**WHAT IS BEING ASKED**
Only the pictures are to be left out; return the rest of the data exactly as it stands.

[EXTRACTED DATA Boundary: Start]

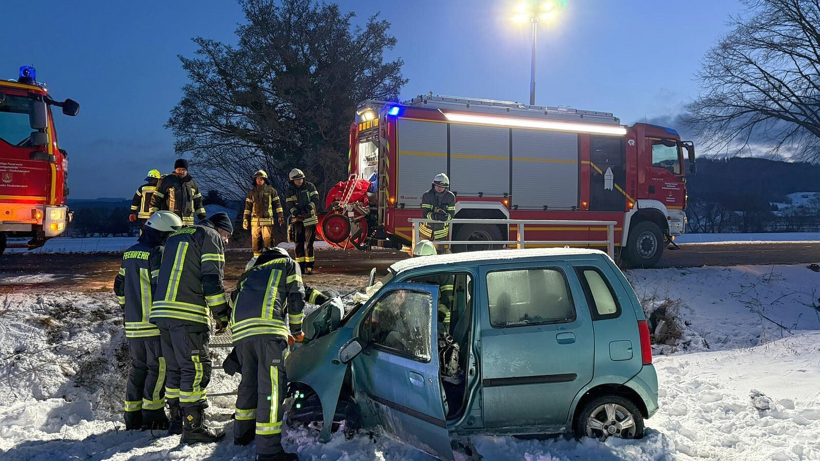Das Fahrzeug wurde bei dem Unfall schwer beschädigt. Der Fahrer wurde in seinem Pkw eingeklemmt und musste durch die Feuerwehr befreit werden. Zur weiteren medizinischen Behandlung wurde der Verletzte mit einem Rettungshubschrauber in eine Klinik geflogen. Für die Dauer des Einsatzes sowie der Unfallaufnahme und der Bergungsarbeiten war die Landesstraße am Morgen zeitweise voll gesperrt.
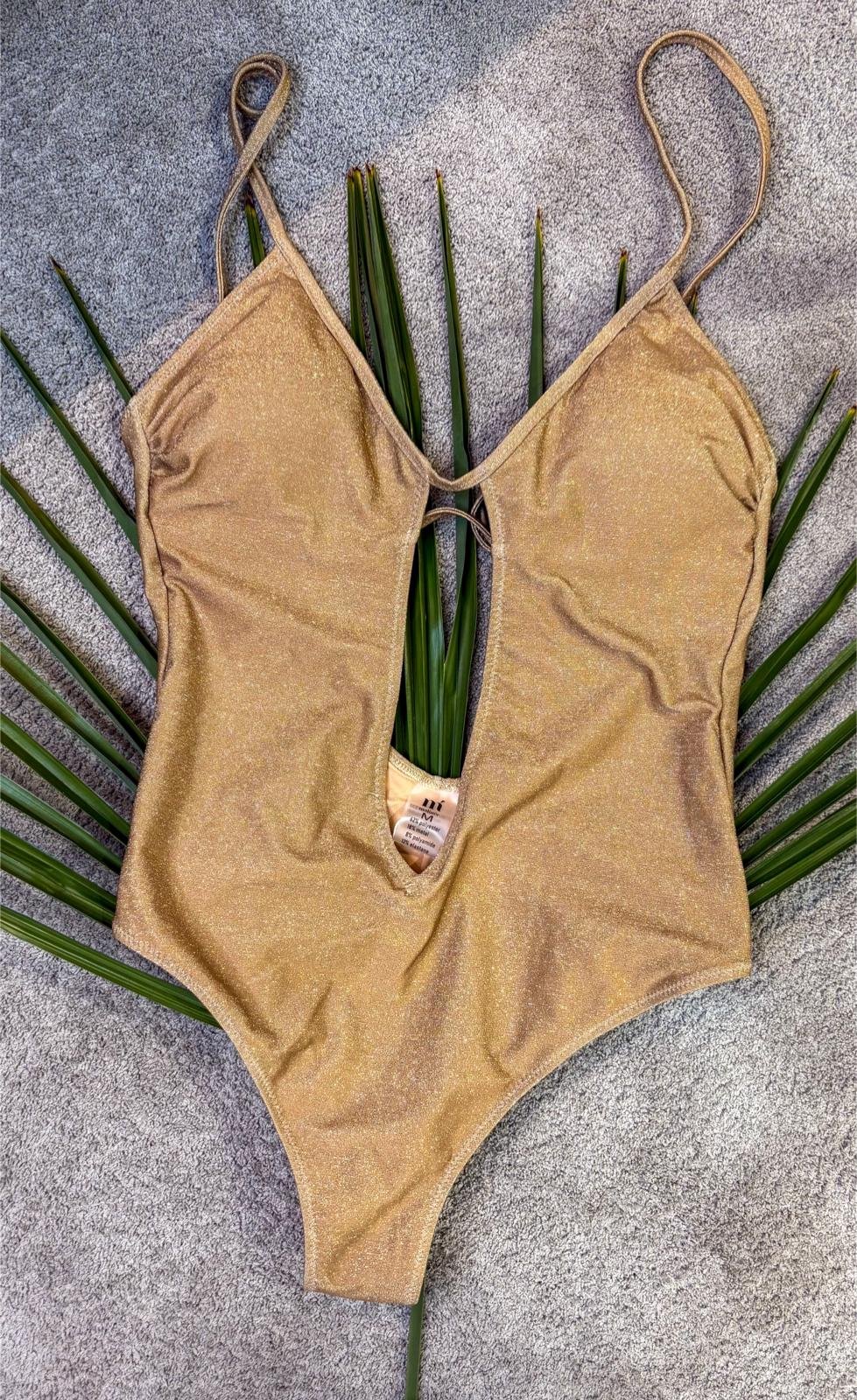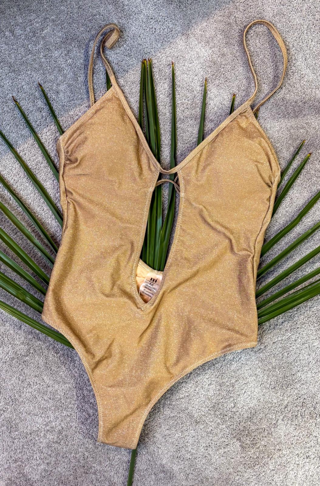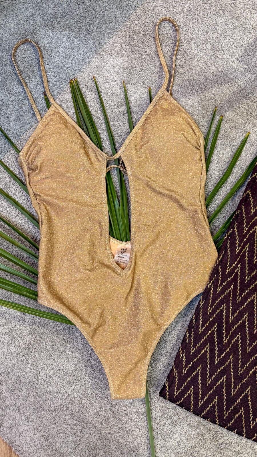 Costume intero oro lurex con scollo profondo e apertura centrale
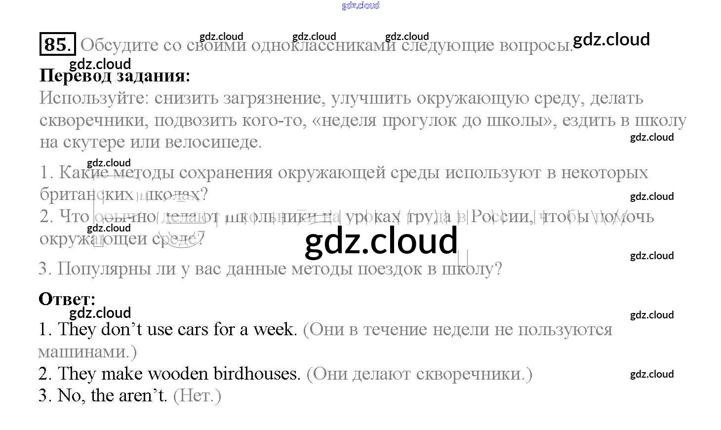 Ответ на задание 85 Учебник Английский язык  за 8 (восьмой) класс Биболетова, Трубанева Enjoy English  2015, 2017
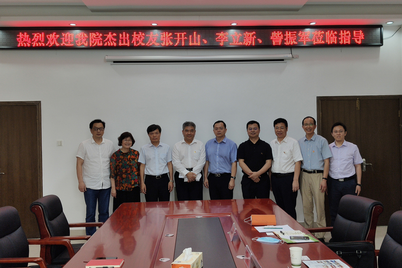7月1日下午,3522vip浦京集团杰出校友杭州华得森生物技术有限公司董事长张开山、东华工程科技股份有限公司副总经理李立新、杭州启明医疗器械股份有限公司訾振军总经理一行3人来校访问。校党委常委、副校长刘晓平,组织部部长蒋传东接见了3位校友并与校友合影留念,学院领导、系主任及部分教师代表参加座谈交流。
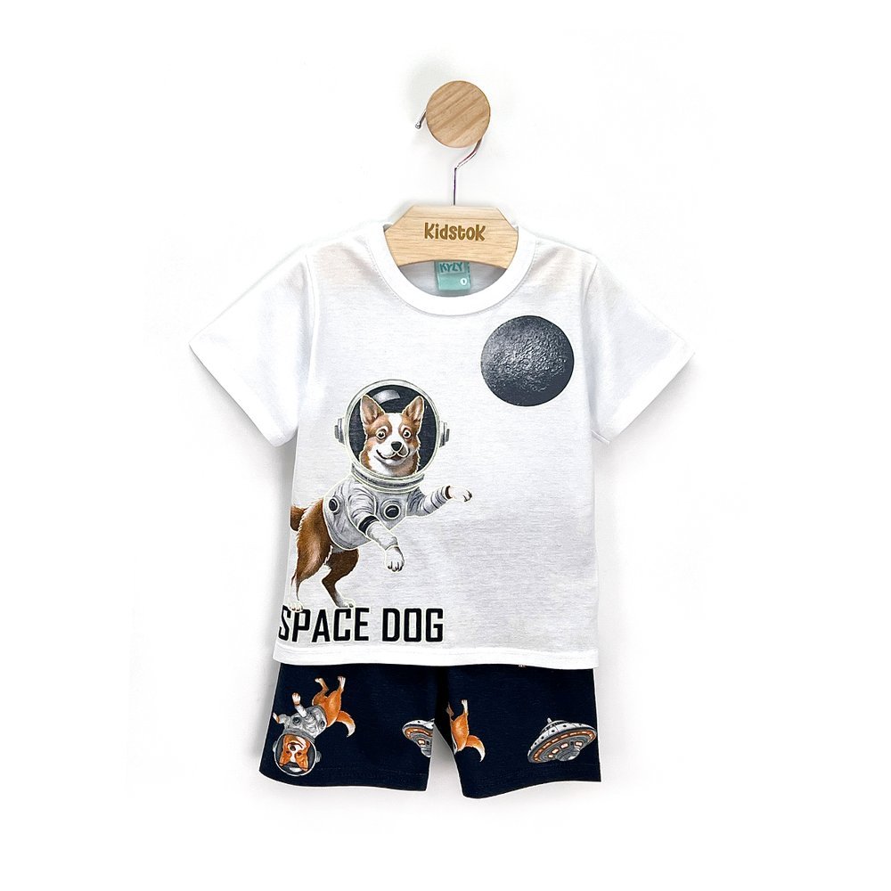 Pijama Menino Camiseta e Bermuda Cachorrinho Brilha no Escuro - Kyly
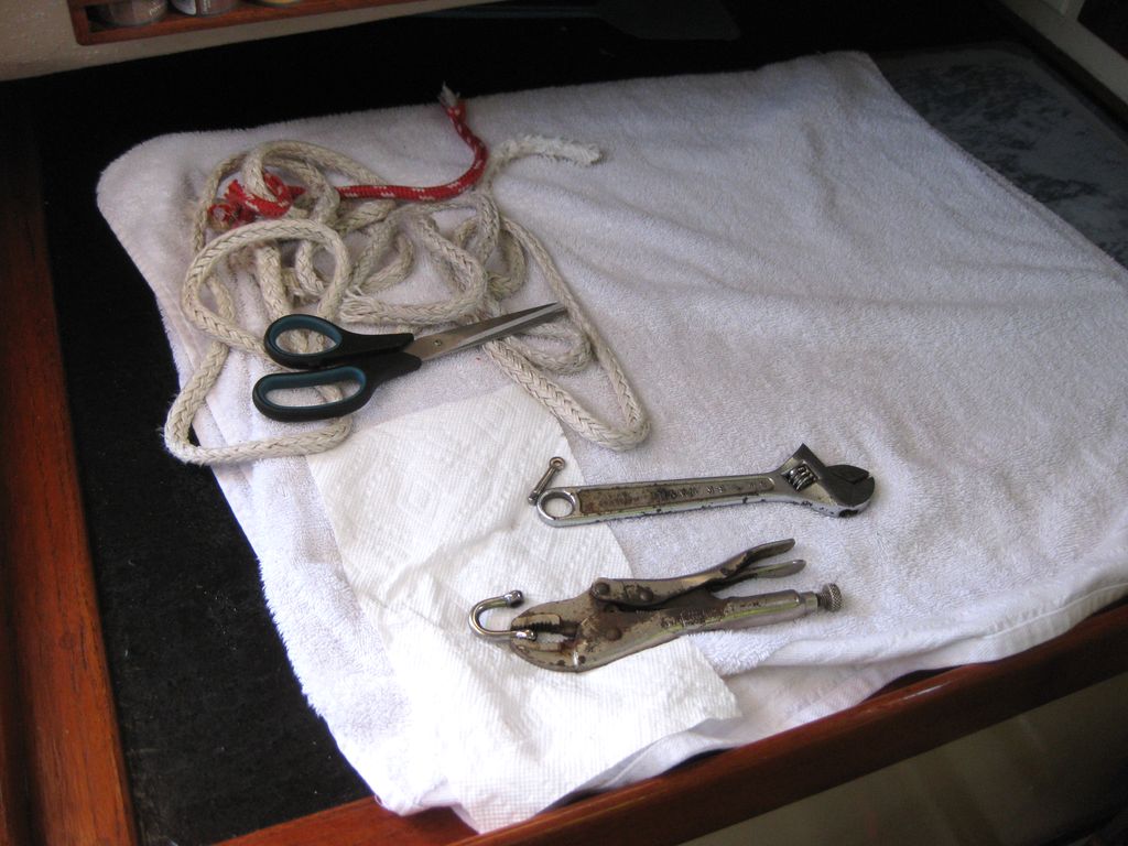 A shackle had come loose and bent open. Fortunately I had installed extra padeyes earlier in the voyage for this very reason. It was a very dangerous process to lasso the wildly swinging boom and tame it. I then dug through misc hardware to find a replacement shackle. All along the deck was trying it's best to throw me off or knock me out.
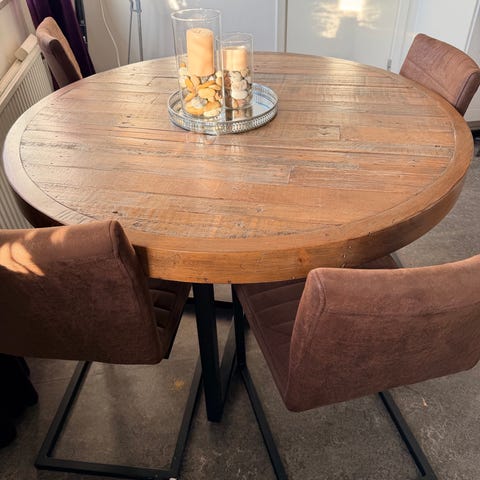 Säljer vårt fina runda matbord från Trademax, modell Bloomington Lyon, 150 cm i diameter. Bordsskivan är tillverkad av återvunnet trä som uppges vara cirka 200 år gammalt, vilket ger bordet en unik karaktär med naturliga ådringar, struktur och rustik känsla.
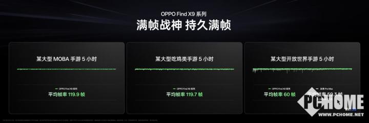 在主流 MOBA 手游中,Find X9系列轻松实现了最高帧率连续 5 小时满帧运行,稳定无波动;即使是在第三方进行的大型开放世界手游测试中,Find X9系列仍可实现最高帧率 5 小时全满帧运行,在复杂场景渲染、高频技能释放等场景下帧率始终稳定,为用户带来真正的“满帧自由”。与之相比,其他最新发布的旗舰手机,全程帧率表现波动更大,且未达到4小时便电量耗尽关机。

[EXTRACTED DATA Boundary: End]

**RESULT BELOW**
Das Fahrzeug wurde bei dem Unfall schwer beschädigt. Der Fahrer wurde in seinem Pkw eingeklemmt und musste durch die Feuerwehr befreit werden. Zur weiteren medizinischen Behandlung wurde der Verletzte mit einem Rettungshubschrauber in eine Klinik geflogen. Für die Dauer des Einsatzes sowie der Unfallaufnahme und der Bergungsarbeiten war die Landesstraße am Morgen zeitweise voll gesperrt.
 Costume intero oro lurex con scollo profondo e apertura centrale
 Ответ на задание 85 Учебник Английский язык  за 8 (восьмой) класс Биболетова, Трубанева Enjoy English  2015, 2017
7月1日下午,3522vip浦京集团杰出校友杭州华得森生物技术有限公司董事长张开山、东华工程科技股份有限公司副总经理李立新、杭州启明医疗器械股份有限公司訾振军总经理一行3人来校访问。校党委常委、副校长刘晓平,组织部部长蒋传东接见了3位校友并与校友合影留念,学院领导、系主任及部分教师代表参加座谈交流。
 Pijama Menino Camiseta e Bermuda Cachorrinho Brilha no Escuro - Kyly
 A shackle had come loose and bent open. Fortunately I had installed extra padeyes earlier in the voyage for this very reason. It was a very dangerous process to lasso the wildly swinging boom and tame it. I then dug through misc hardware to find a replacement shackle. All along the deck was trying it's best to throw me off or knock me out.
 Säljer vårt fina runda matbord från Trademax, modell Bloomington Lyon, 150 cm i diameter. Bordsskivan är tillverkad av återvunnet trä som uppges vara cirka 200 år gammalt, vilket ger bordet en unik karaktär med naturliga ådringar, struktur och rustik känsla.
 在主流 MOBA 手游中,Find X9系列轻松实现了最高帧率连续 5 小时满帧运行,稳定无波动;即使是在第三方进行的大型开放世界手游测试中,Find X9系列仍可实现最高帧率 5 小时全满帧运行,在复杂场景渲染、高频技能释放等场景下帧率始终稳定,为用户带来真正的“满帧自由”。与之相比,其他最新发布的旗舰手机,全程帧率表现波动更大,且未达到4小时便电量耗尽关机。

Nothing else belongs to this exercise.